Le volume de données numériques ne cesse aujourd’hui d’augmenter, et avec lui le volume des données menacées. Si l’année 2016 constitue une année charnière en matière de cybercriminalité, quel avenir envisager à une époque où n’importe qui peut devenir un pirate informatique ?

68 % des entreprises reconnaissent avoir été victimes d’une fraude au cours des 24 derniers mois[i] (liée à une attaque cybercriminelle dans plus d’un cas sur deux). Un constat inquiétant qu’il convient de rapprocher à la progression rapide et constante de la cybercriminalité, elle-même directement liée à la croissance exponentielle du nombre de programmes malveillants (passé de 22 000 en 2005 à 430 millions en 2015[ii]).

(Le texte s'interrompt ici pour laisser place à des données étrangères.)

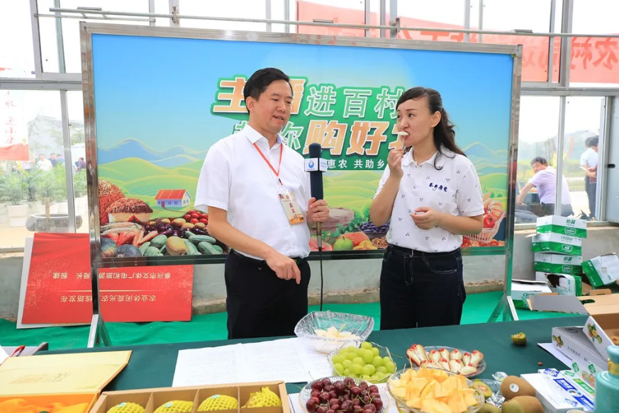 主播进百村,带你购好物 直播,是一种宣传手段,也是一种生活方式,通过直播叫响了泰兴特色农产品品牌,新鲜的蔬菜、水果通过物流走进千家万户。活动现场,滨江镇镇长黄峰为滨江农产品代言,面对直播镜头向广大网友喊出:“我家的农产品顶呱呱!”
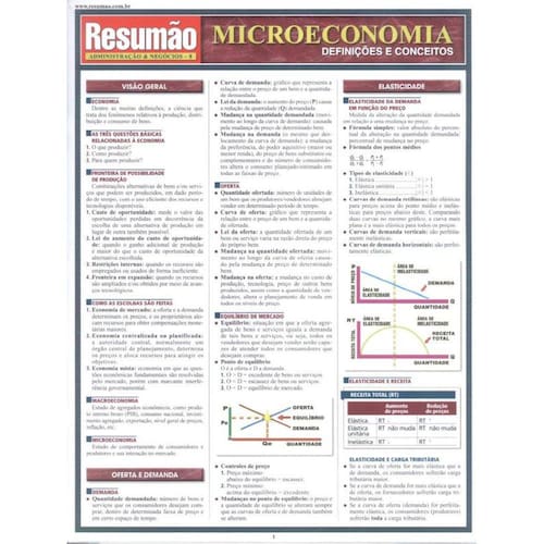 Resumão Microeconomia Apresenta Os Seguintes Temas Visão Geral Da Microeconomia Oferta E Demanda Equilíbrio De Mercado Elasticidade Elasticidade Da Demanda Elasticidade E Receita Teoria Da Utilidade Custos De Produção Competição Perfeita Características Maximização De Lucros Competição E Eficiência Monopólio Características Maximização De Lucros Monopólio E Eficiência Discriminação De Preços Competição Monopolística Oligopólio Recursos E Mercados Demanda De Recursos E Oferta De Mão De Obra Determinação De Salários Externalidades Comércio Internacional
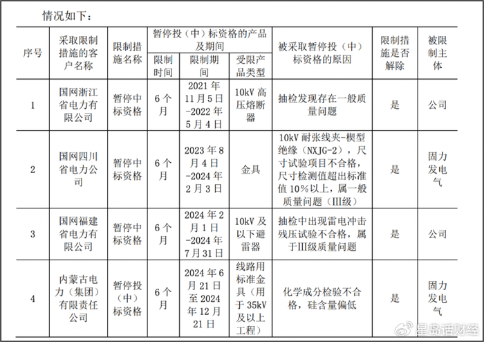 2024年6月至12月:因标准金具化学成分(硅含量)不合格,被内蒙古电网暂停中标6个月。
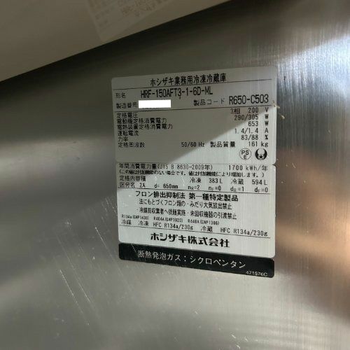 他の画像を見る 直接引取の場合は送料追加なし【千葉店】 【業界最長1年保証】【中古】縦型冷凍冷蔵庫 2凍4蔵 ホシザキ HRF-150AFT3-1-60-ML 幅1500×奥行650×高さ1910 三相200V 【送料別途見積】【業務用】【千葉店在庫】 販売価格 ¥ 385,000 税込 詳細を見る

Les premiers mois de l’année 2016 confirment cette tendance : pour le seul mois de février, le nombre d’attaques recensées égale celui des cinq mois précédents cumulés[iii].
Et pour cause, les 3.2 milliards d’internautes dans le monde (46% de la population mondiale, 81,3% des ménages dans les pays développés)[iv] et les 20.8 milliards d’objets qui seront connectés à l‘horizon 2020[v], sont autant de cibles pour les cybercriminels et autant de portes d’accès pour commettre leurs forfaits. Puisque le casse du XXIe siècle sera informatique, l’année 2016 marque-t-elle le début de l’ère du Far-West numérique ?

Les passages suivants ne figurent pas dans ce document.